To address these problems, we propose a Hierarchical Attentive Upsampling Module (HAUM) (see Fig. 1(d)), which consists of a Hierarchical Upsampling Strategy (HUS) and an Attentive Space Module (ASM), to obtain informative and discriminating high-resolution input signals. The Hierarchical Upsampling Strategy uses a multi-level approach to generate high-resolution input signal and extract complicated spatial-temporal information from the low-resolution STMap. The Attentive Space Module selects the regions with higher correlation with the target HR signals, aiming at reducing the influence of the noisy areas on the HR estimation.

In summary, our contributions include: (1) To the best of our knowledge, our work is the first to explore the discriminating features from the perspective of the original high-resolution input signal in an end-to-end fashion, greatly enhancing the low-resolution STMap. (2) We propose a novel Hierarchical Attentive Upsampling Module (HAUM), which can produce richer and discriminating input signal, especially highlight the regions with stronger heart rhythm signal. (3) Our method achieves state-of-the-art performance in most of the significant metrics on the public VIPL-HR dataset [19]. E.g., the mean absolute error between the estimated result and the ground-truth improves from 5.02 bpm to 4.67 bpm, which is 0.35 bpm superior than previous best record.

2 Related Work

rPPG-Based Remote HR Estimation. The rPPG-based remote HR estimation is founded on the fact that blood circulation causes periodic blood volume fluctuations in the micro-vascular tissue bed beneath the skin, which is induced by heartbeat, and then leads to the miniature variations in skin color. Although these subtle variations are not visible to the human eyes intuitively, they can be captured by the camera.

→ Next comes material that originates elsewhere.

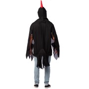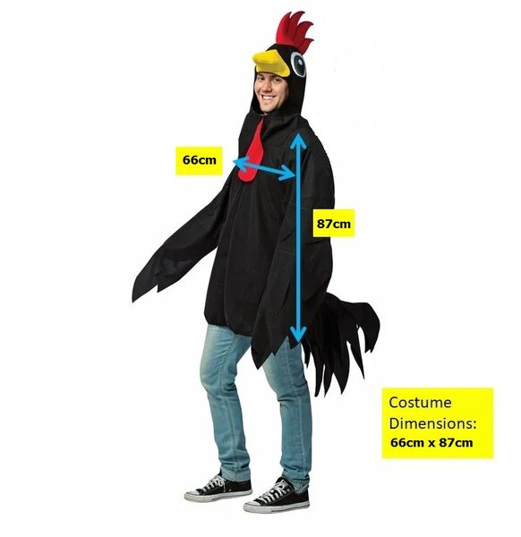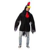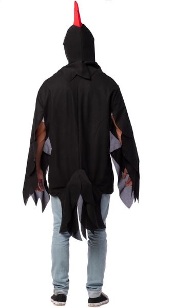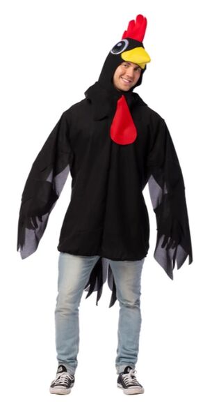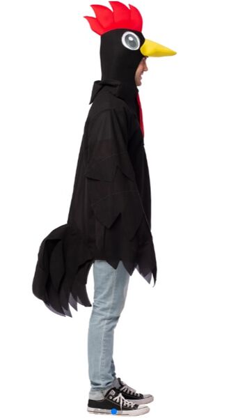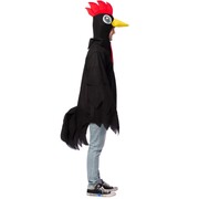 The pack contains includes a black tunic with attached wings & tail feathers and a rooster headpiece.

An early study proposed by Verkruysse [30] only used the green channel as the HR feature and analyzed its implicit physiological information. However, limited by its less-information, the methods after that usually used the average intensity of all facial skin pixels as the original features, such as Chrominance-based rPPG (CHROM) [3], Independent Component Analysis (ICA) [23], Plane-orthogonal-to-skin (POS) [31]. However, due to the difference in the density of facial capillaries, the signals in different facial regions may be distorted. There are also works [25, 33] that only select a single face region, which may ignore the correlation between the regions. In recent years, a great deal of methods that use deep learning techniques to estimate HR are proposed, including [2]. These works use 2D CNN to extract spatial features from each frame of video, but do not take the relevance of temporal dimension into consideration. Another type of methods use 3D CNN to directly process the video sequences end-to-end [29, 34]. They pay well attention to the features in temporal dimension, but these dense sampling approaches may easily introduce irrelevant noises caused by illumination and motion-induced artifacts.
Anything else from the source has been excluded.